DFR-1 was operated with a mean feed soluble chemical oxygen demand (sCOD) concentration of 2.0 ± 0.5 g COD/L and 18 ± 0.5 mg/L of nitrogen (N), whereas the feed to DFR-2 had sCOD and N concentrations of 3.8 g/L and 34 mg/L, respectively. The composition of the basal medium used was as follows: 2 g/L MgSO₄·7H₂O, 0.05 g/L CaCl₂·2H₂O, 12.5 g/L K₂HPO₄, 7.5 g/L KH₂PO_4, and 1.0 mL/L of a trace elements solution. The trace elements solution had the following composition: 0.01 g/L CuCl₂·2H₂O, 2 g/L FeCl₃·6H₂O, 0.03 g/L NaMoO₄·2H₂O, 0.02 g/L NiCl₂·2H₂O, 1 g/L ZnSO₄·7H₂O, 0.2 g/L CoCl₂·6H₂O, 0.3 g/L KI, 0.3 g/L H₃BO₃, 0.03 g/L MnCl₂·4H₂O and 2.5 g/L EDTA.

2.4. Analytical Methods

The determination of soluble Chemical Oxygen Demand (sCOD), total suspended solids (TSS), and volatile suspended solids (VSS) was carried out according to Standard Methods for the Examination of Water and Wastewater [24]. The pH was measured using a digital pH-meter (WTW INOLAB PH720, Weilheim, Germany). For the quantification of volatile fatty acids (VFAs), 1 mL of sample was acidified with 30 μL of 20% H₂SO₄ and analyzed via a gas chromatograph (SHIMADZU GC-2010 plus, Kyoto, Japan) equipped with a flame ionization detector and a capillary column (Agilent technologies, CA, USA, 30 m × 0.53 mm ID × 1 μm film, HP-FFAP) using an autosampler (SHIMADZU AOC-20 s, Kyoto, Japan). Ethanol, glucose, and lactic acid were measured via High Performance Liquid Chromatography (HPLC) with an Agilent Technologies (Santa Clara, CA, USA)1260 Infinity II HPLC, using the column Agilent Hi-plex H of 300 mm ×  7.7 mm, as described in Kiskira et al., 2023 [25]. Total Nitrogen (TN) was measured with a Shimadzu TN-L analyzer (Shimadzu, Kyoto, Japan; TOC-VCHS and SSM-5000 module). N-NH4+ analysis was carried out using the HI-93733-01 Reagents kit of Hanna Instruments.

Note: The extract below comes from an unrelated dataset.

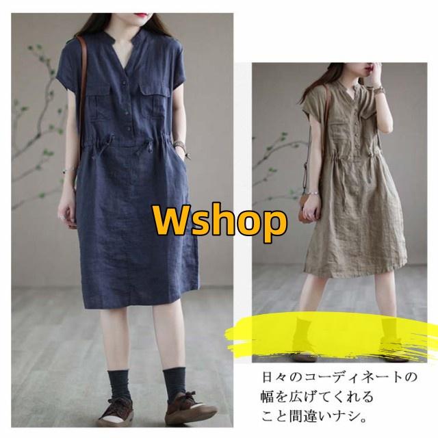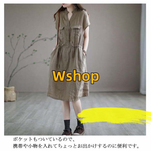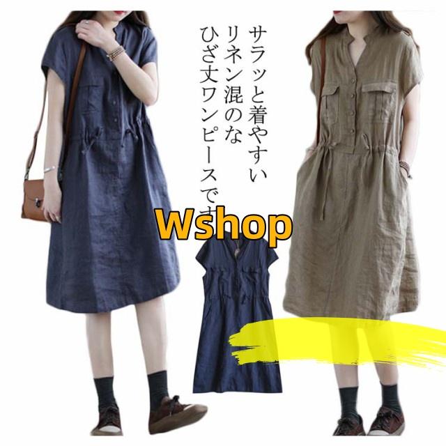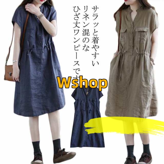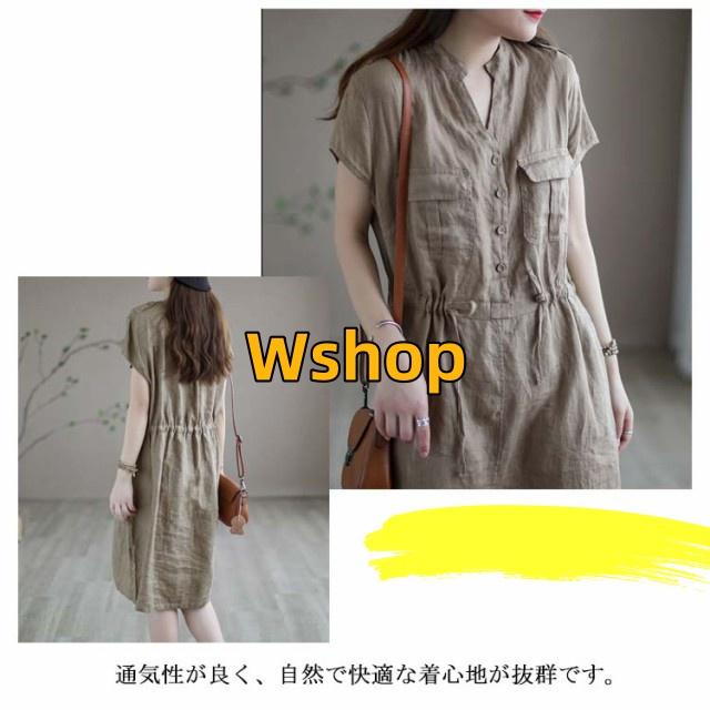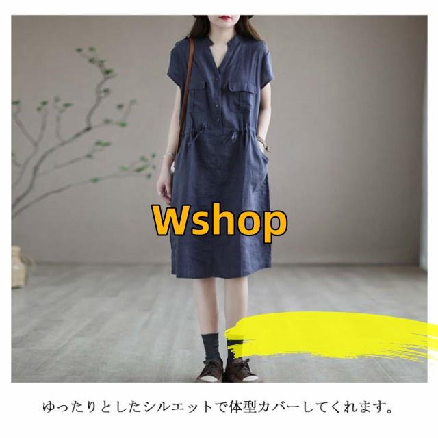 レディース 送料無料 おしゃれ シンプル 綿麻 体型カバー 癒され系 無地 ワンピース 森ガール エレガント 半袖 ベルト紐付き Aライン ゆったり 透けない 大きいサイズ お出掛け 夏 上品 大人 通勤

The PHAs’ detection method was based on the simultaneous extraction and transesterification of PHAs. The frozen and lyophilized biomass pellets in glass tubes were used for determining the concentration and monomeric composition of the PHAs accumulated in microbial biomass by gas chromatography with flame ionization detection (GC-FID) after acidic methanolysis as described in Oehmen et al. (2005) [26]. Pure poly (3-R-hydroxybutyrate-co-3-R-hydroxyvalerate) (PHBV) copolymer with a 3-R-hydroxyvalerate (3HV) content of 8 mol% from Sigma-Aldrich was used for calibration; thus, the contents of 3-R-hydroxybutyrate (3HB) and 3HV were determined; PHAs were defined as the sum of 3HB and 3HV.

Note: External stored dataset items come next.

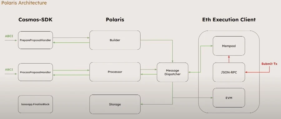 Berachain 基于 Polaris 构建,Polaris 是建立在 Cosmos SDK 基础上的 EVM 操作系统基板。Polaris 利用消息传递 "连接 "EVM 和 Cosmos SDK,将程序块的构建、处理和存储从执行本身中分离出来。
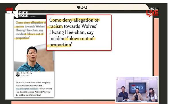 ▶박수정> 이런 걸 교묘한 인종차별이라고 분류해요. 비판적으로 반응하는 사람을 예민한 사람 취급하는 'Microaggression(미세공격)'이라고 합니다. 유럽에선 일상적인 개념이 됐어요. 황희찬의 소속구단 울버햄튼은 성명문을 내고 "유럽축구연맹에 공식 항의서를 제출할 것"이라고 하고.. 황희찬 선수도 입장을 냈습니다.
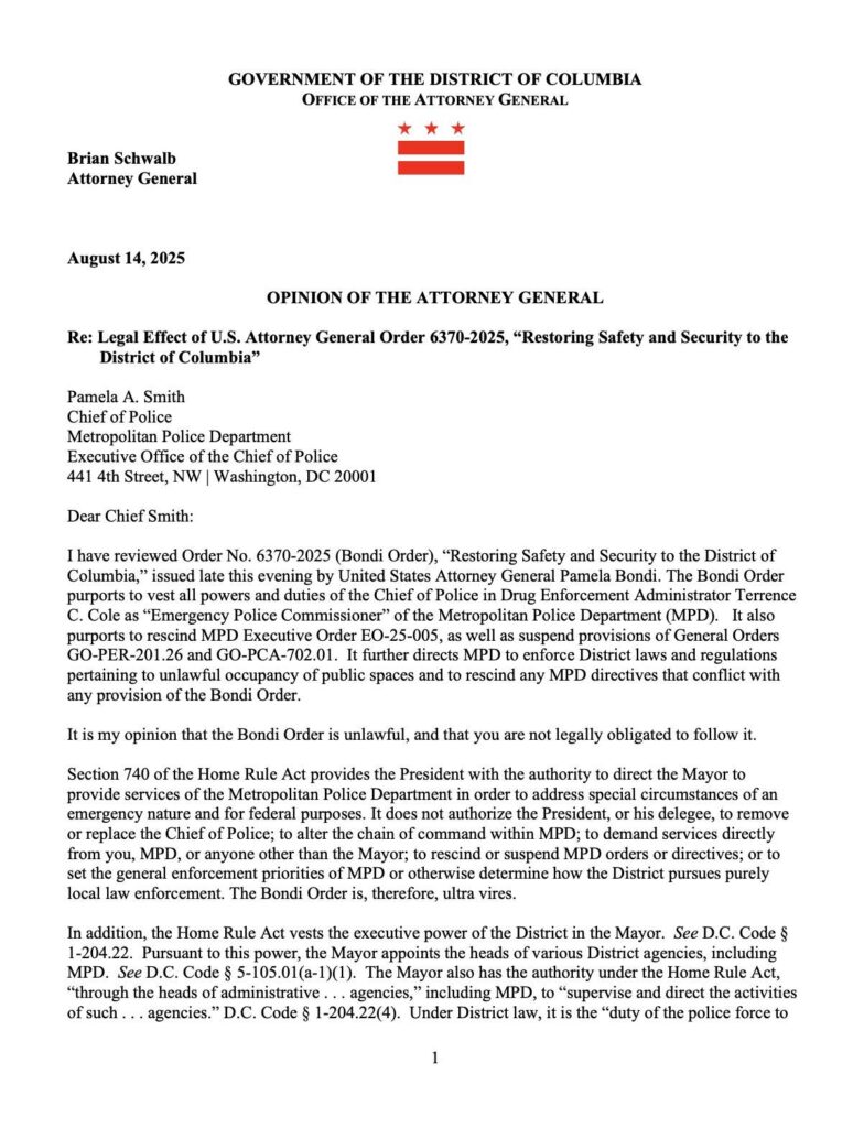 D.C. Attorney General Brian Schwalb responded within hours with a legal opinion addressed to Police Chief Smith, declaring Bondi’s order “unlawful” and advising that Smith is “not legally obligated to follow it.”
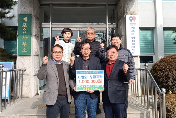 단양군 매포읍주민자치위원회(위원장 김기학)는 지난 15일 매포읍지역사회보장협의체(민간위원장 박영렬)를 통해 사랑의 성금 100만 원을 전달했다.
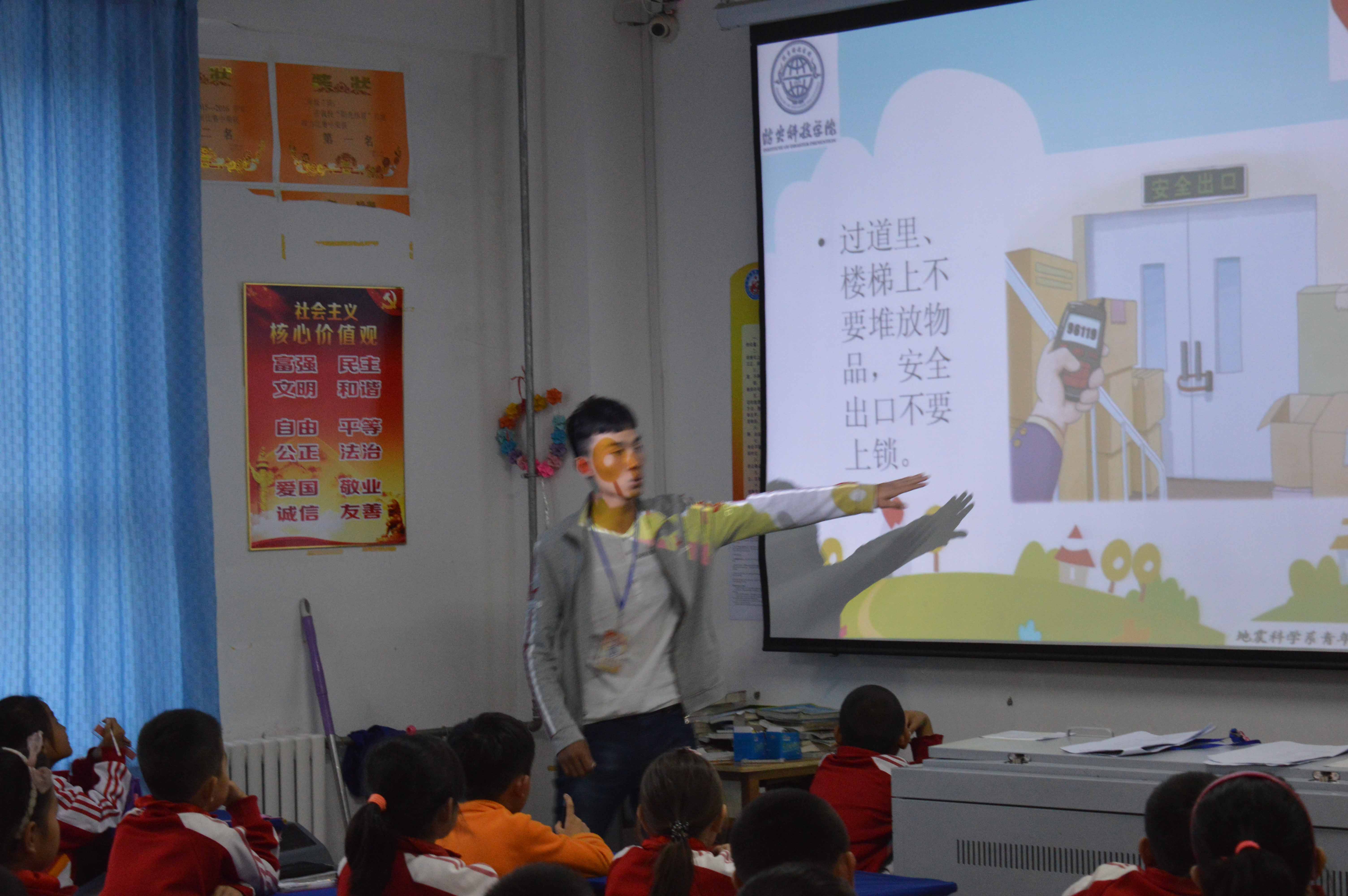 2016年10月20日,在三河市第八小学的邀请下,地震科学系组织青年志愿者到三河八小开展防火应急疏散演练活动。地震科学系青年志愿者和三河市第八小学全体师生参加了本次演练。

2.5. Profiling of the Structure of Microbial Populations

The taxonomic microbial distribution of the inoculum and the changes in the microbial structure of the microbial cultures during the transition from DFR1 to DFR2 operational mode were assessed through Next Generation Sequencing, using samples that were collected upon startup (day 0) and after 108 days for DFR1, and 162 days for DFR2. Total genomic DNA extraction was performed from aliquots of 2 mL well-mixed cultures, using a DNeasy PowerSoil Kit (QIAGEN), Hilden, Germany, whereas PCR amplification procedure, purification, sequencing, and bioinformatics analysis were performed as described in Kora et al., 2022 [8].

2.6. Statistical Analysis

Data were tested for normality using the Kolmogorov-Smirnov test. Statistically significant differences of measured and estimated parameters were analyzed using the t-test or the non-parametric equivalent, and considering the value p ≤ 0.05 as statistically significant.

3. Results and Discussion

3.1. Comparison of Operational Efficiency of the Reactors

In the present study, synthetic condensate was evaluated as a substrate for the production of PHAs, and the effect of feed organic concentration on PHA content and PHA-accumulating microorganisms’ selection was investigated. Two reactors, DFR-1 and DFR-2, operating at different feed concentrations (2.0 ± 0.5 and 3.8 ± 0.6 g COD/L), were employed. As mentioned in Section 2.1, the carbon-to-nitrogen ratio (C: N) was maintained at 100 mg COD/mg TN, while operational conditions remained the same for both reactors. Various aspects, including sludge properties, substrate utilization, and PHAs synthesis, were monitored.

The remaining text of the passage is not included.